My thinking around this is that it maybe nice to tie content to the rich text view of the notebook and makes it portable with the notebook, without needing to be part of the structure, since a consumer can map features into the notebooks structure at render time. For example you could create a commenting system that worked with any third party tooling, GitHub, GitLab etc and since the comments could map to the underlying json structure you could bring PR review comments into any plugin you wanted.

My thinking around this is that it maybe nice to tie content to the rich text view of the notebook and makes it portable with the notebook, without needing to be part of the structure, since a consumer can map features into the notebooks structure at render time. For example you could create a commenting system that worked with any third party tooling, GitHub, GitLab etc and since the comments could map to the underlying json structure you could bring PR review comments into any plugin you wanted.

Web annotations may also be a good way to accomplish this... I am wondering how portable it maybe to other plugins?
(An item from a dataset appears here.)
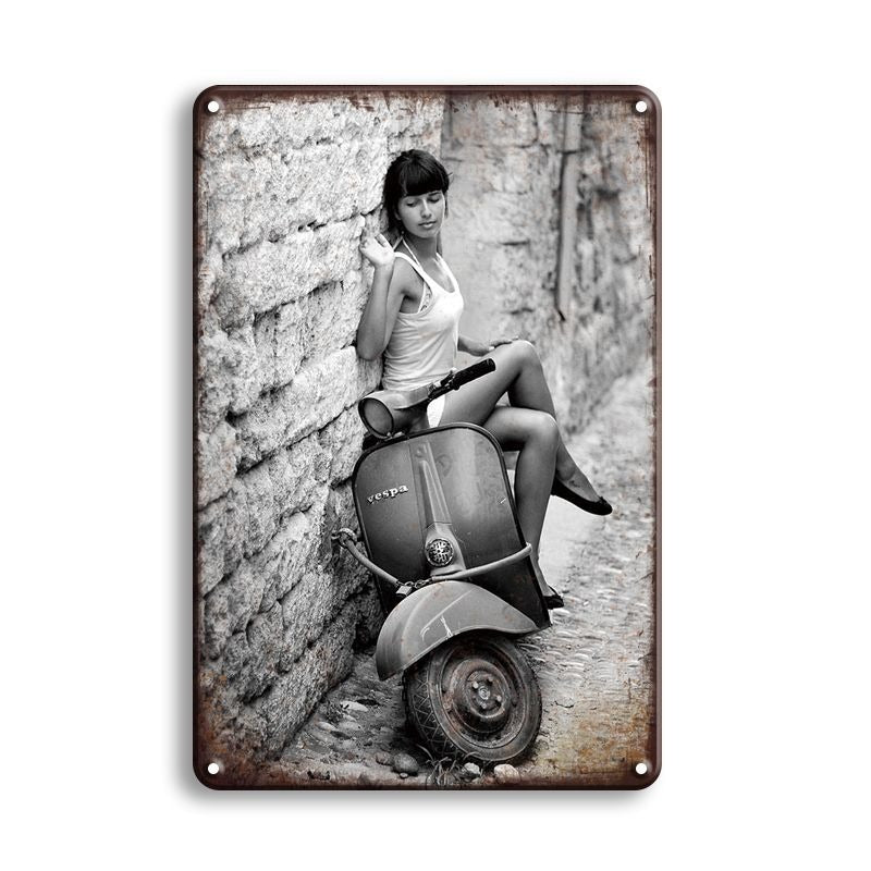 ベスパと女性モデルをモチーフにしたモノクロ調デザインのブリキ看板です。

I do like that is it an open standard though 😄

commented

I have a platform that uses URLs to embed code: https://docs.metapage.io/docs

For a lot of the components (that are simply URLs/websites), I use the hash part of the URL, but re-use the query param format:

http://<origin>/<path>?key=val # <hashfragement> ?hashkey2=val

This way the hash parts can be very big without sending all that code to the server. The important bit is that it contains a hash fragment and hash query params. Whatever schema is decided here, it would be great if I could keep my hash key=val pattern within the schema, since I would like to add browser-only jupyter notebooks, as a pure URL defined notebook is a really useful pattern.